BONN - At what age are international statesmen over the hill? Helmut Kohl, 68 years young and fresh from a slimming course, is trying to persuade German voters he has another four years in him. Wim Duisenberg, in contrast, is an emaciated 62-year-old who clearly could not be expected to soldier on for eight years as head of the European Central Bank.
This, in essence, is the disingenuous line the German Chancellor has found himself selling since his return from Brussels. He was, he admitted, "extremely annoyed" with the horse-trading but did not consider the outcome dishonourable. Election posters saluting the "stable euro" under Mr Kohl's benevolent gaze were still prominently displayed outside Christian Democrat headquarters yesterday.
The "little family row" in Brussels, a senior CDU politician predicted, would be forgotten, perhaps, in five years. In the interim, the party must fight an uphill election battle on the EMU "achievement" without drawing too much attention to the humiliation just meted out to its chief architect.
"Helmut Kohl has certainly been damaged by this," admitted Theo Waigel, the Finance Minister. Though the money markets took the debacle in their stride, Germany's angst-ridden money-men are despondent.
"The government heads have already named the successor [to Duisenberg] and this is a breach of the [Maastricht] Treaty," lamented Klaus-Dieter Kuhbacher, a member of the all-powerful Bundesbank Council. "The next breach of the treaty is pre-programmed."
When the Bundesbank worries, German voters reach for the Prozac. It matters little what currency traders do between now and September, when the Chancellor goes to the country for a fifth term. The impression that he allowed himself to be bulldozed aside by the French President will certainly linger till election day.

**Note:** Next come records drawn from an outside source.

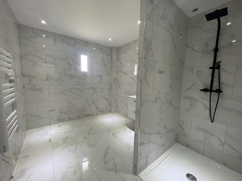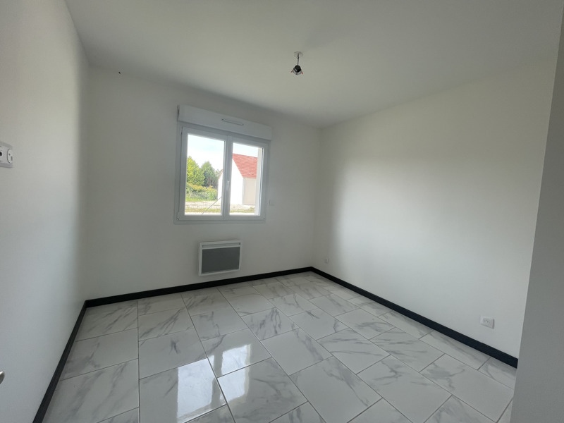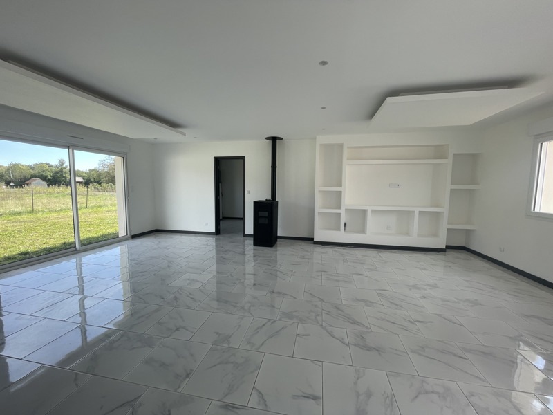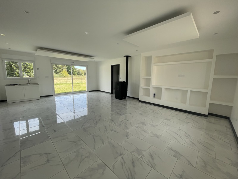 Pavillon moderne de plain-pied comprenant une belle pièce de vie lumineuse avec un poêle à granulés, une buanderie, trois chambres avec emplacement pour placard, une salle d?eau et des WC, ainsi qu?un garage.
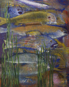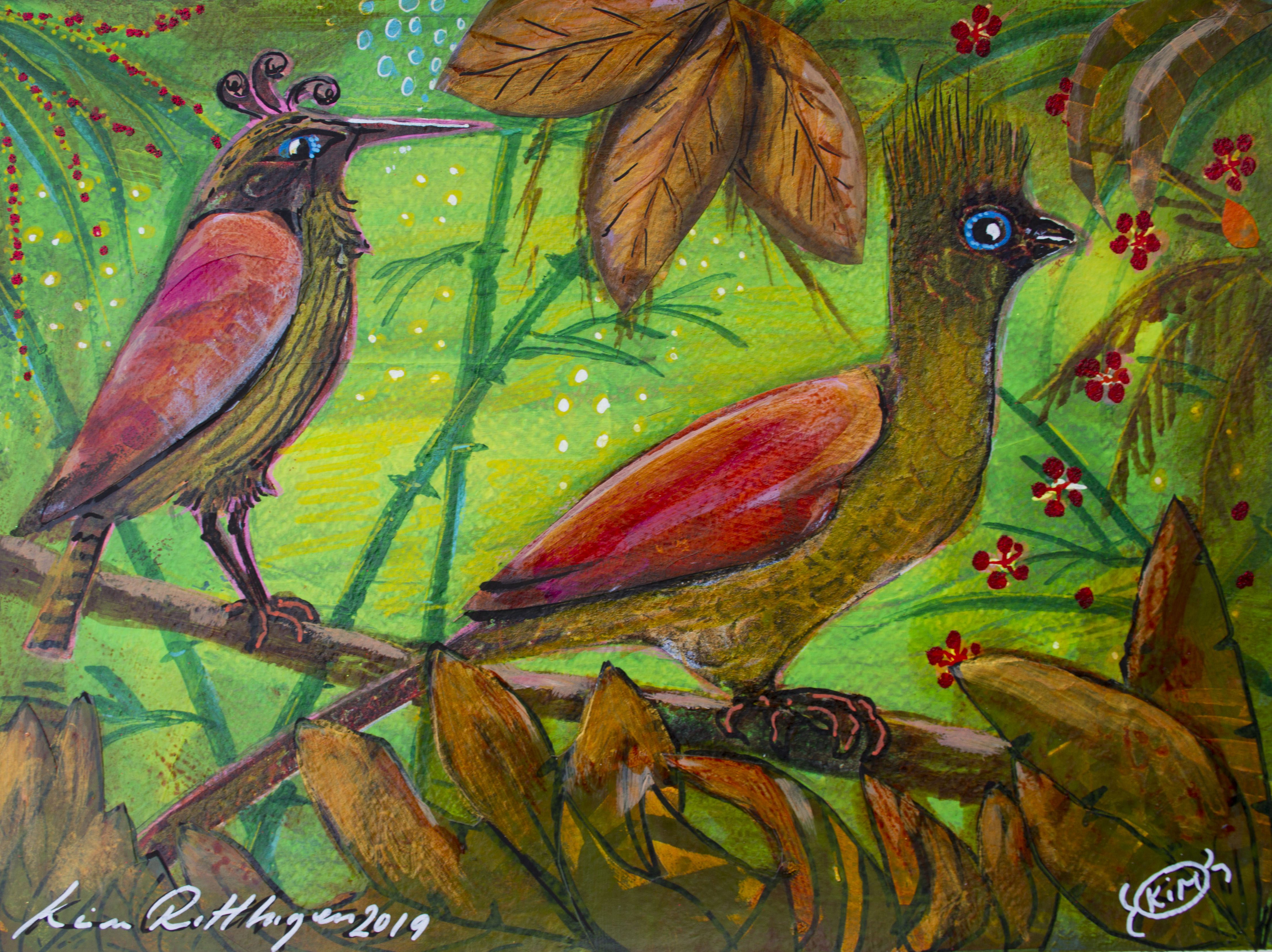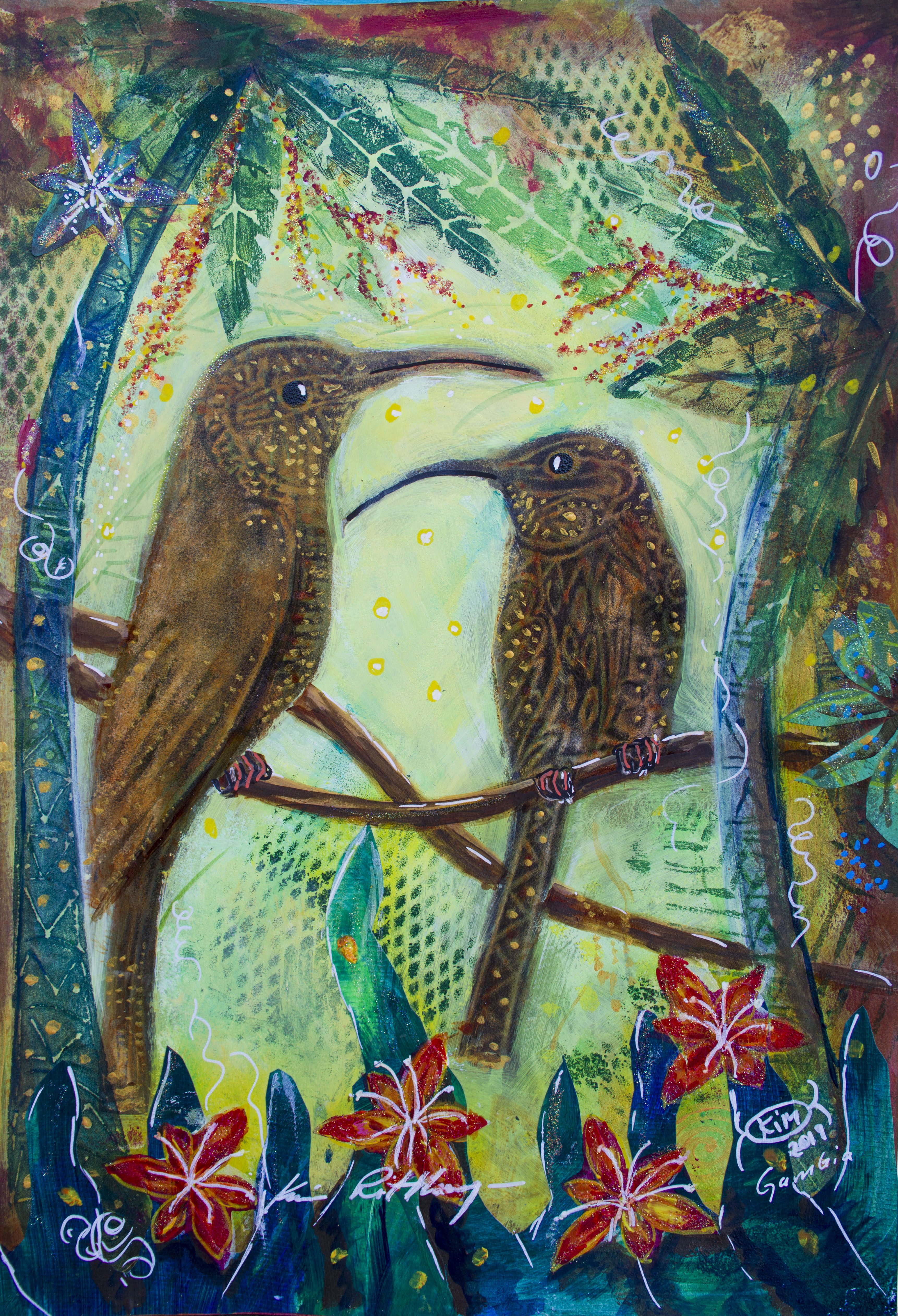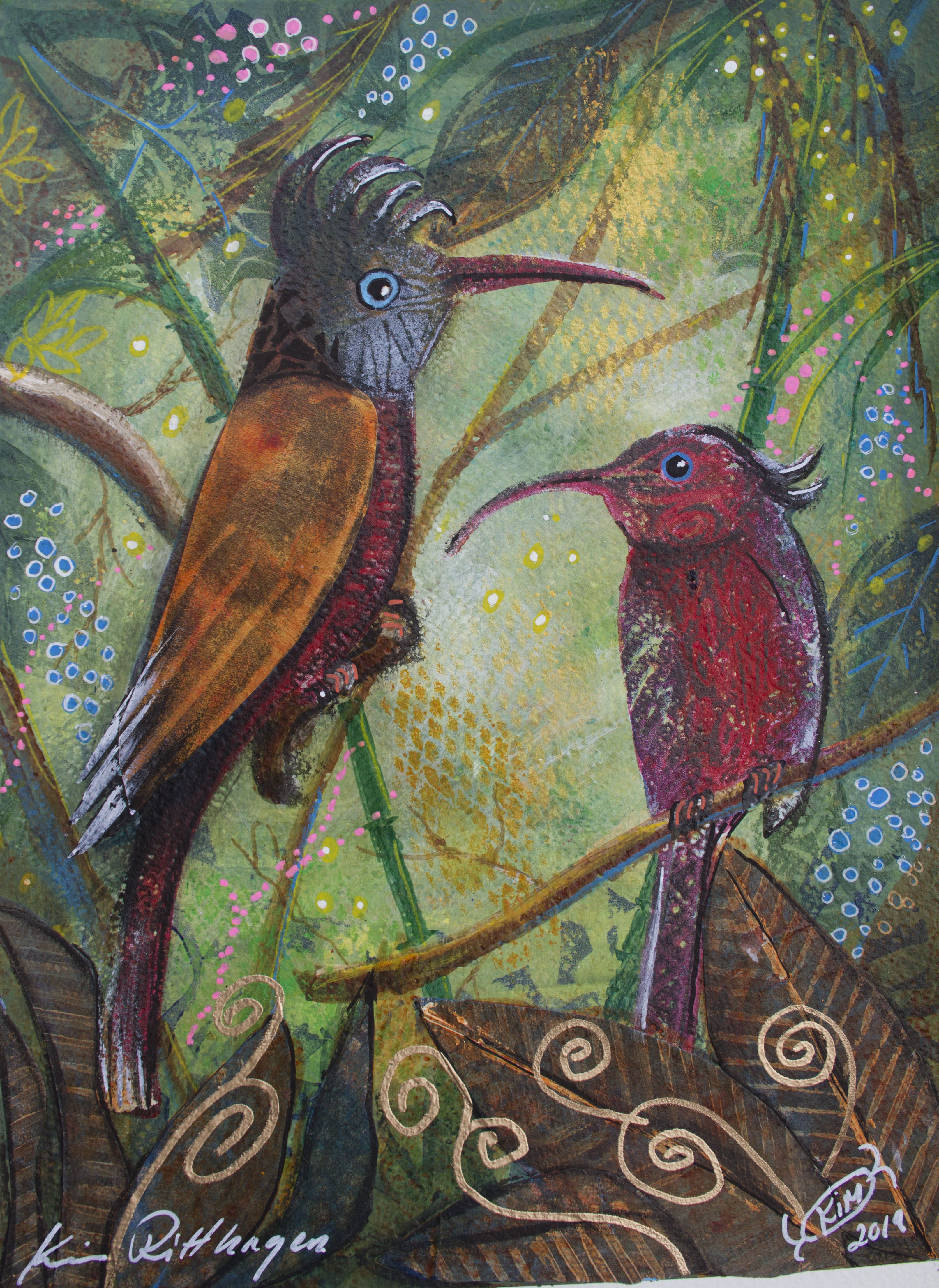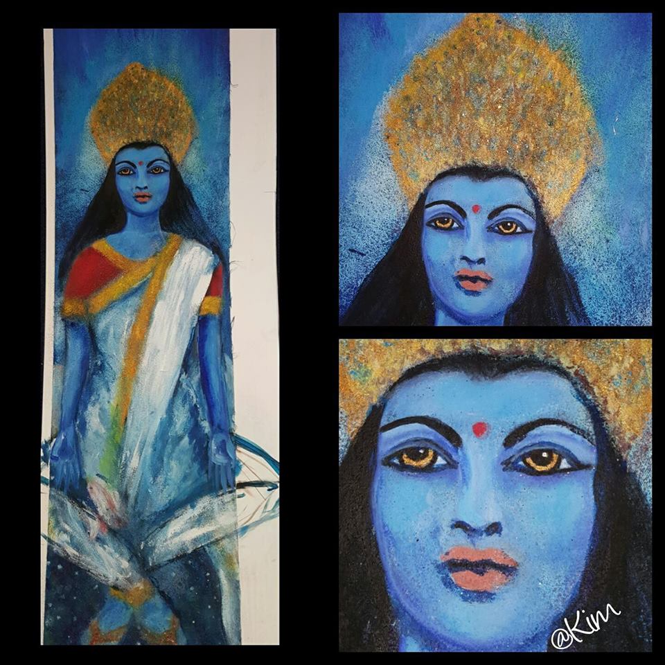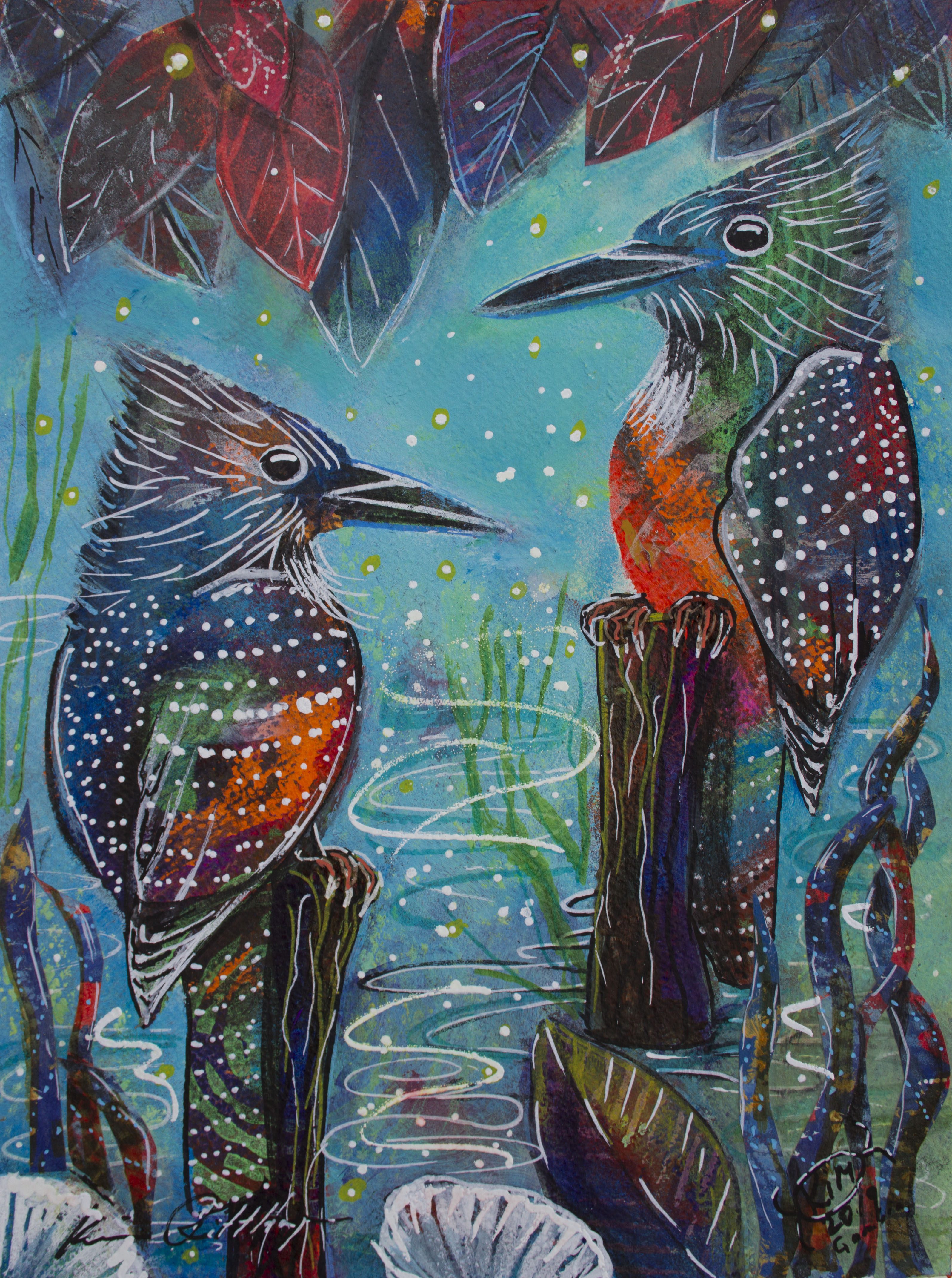 Motiven rör sig mellan natur, mytologi, djur och katter. Ibland är de kraftfulla och intensiva, ibland stilla och drömska. Jag återkommer ofta till symboler och arketypiska gestalter – fåglar, gudinnor, undervattensvarelser, skogens djur. De bär på något tidlöst, något som känns igen även om man inte kan sätta ord på det. Samtidigt finns det alltid en lekfullhet i mina verk. Färgerna får dansa, formerna får överraska, och ibland dyker det upp en katt som bär både humor och självklar värdighet.
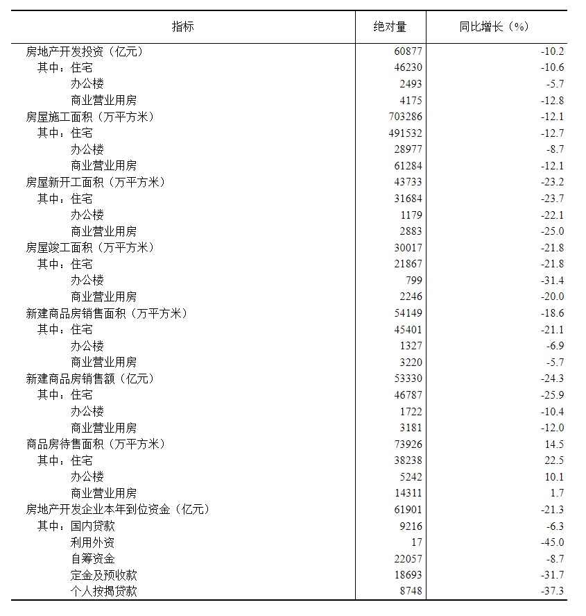 1—7月份,房地产开发企业房屋施工面积703286万平方米,同比下降12.1%。其中,住宅施工面积491532万平方米,下降12.7%。房屋新开工面积43733万平方米,下降23.2%。其中,住宅新开工面积31684万平方米,下降23.7%。房屋竣工面积30017万平方米,下降21.8%。其中,住宅竣工面积21867万平方米,下降21.8%。
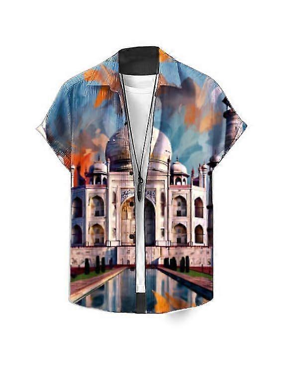 BLACKSMITH Men's Taj Mahal Printed Half Sleeve Classic Fit Shirt

It is with this in mind that the Chancellor must defend himself today in front of an emergency debate in the Bundestag, and then put on his smiling face for the meeting in Avignon with Brother Jacques. Another family squabble can, perhaps, be concealed this time from peeping neighbours, but the damage has been done.
The minority of the German media that remain loyal to Mr Kohl speak of "long-term scars" to the special relationship between France and Germany.
Francophiles in the Chancellor's entourage feel betrayed: the strategy of a common front with France on all major issues of European integration has been fatally undermined by the French.
The mighty Bundesbank, which has grudgingly turned a blind eye to French accounting tricks in the past, will not forget this. Frankfurt as well as the politicians on both sides of Bonn's parliamentary divide blame President Chirac, and are openly contemptuous of his "pursual of French national interests at all cost".
How Chancellor Kohl feels about the weekend's events is somewhat less relevant, given the prospect of his imminent retirement, thanks partly to his friends in Paris. But the high-handed way in which he was treated at the weekend is seen as an affront to all of Germany: a grudge to be borne by his successors.
The infamy of Brussels is thus set to mark a turning-point. The Franco- German axis, more of a myth than a fact since the departure of Francois Mitterrand, is about to snap.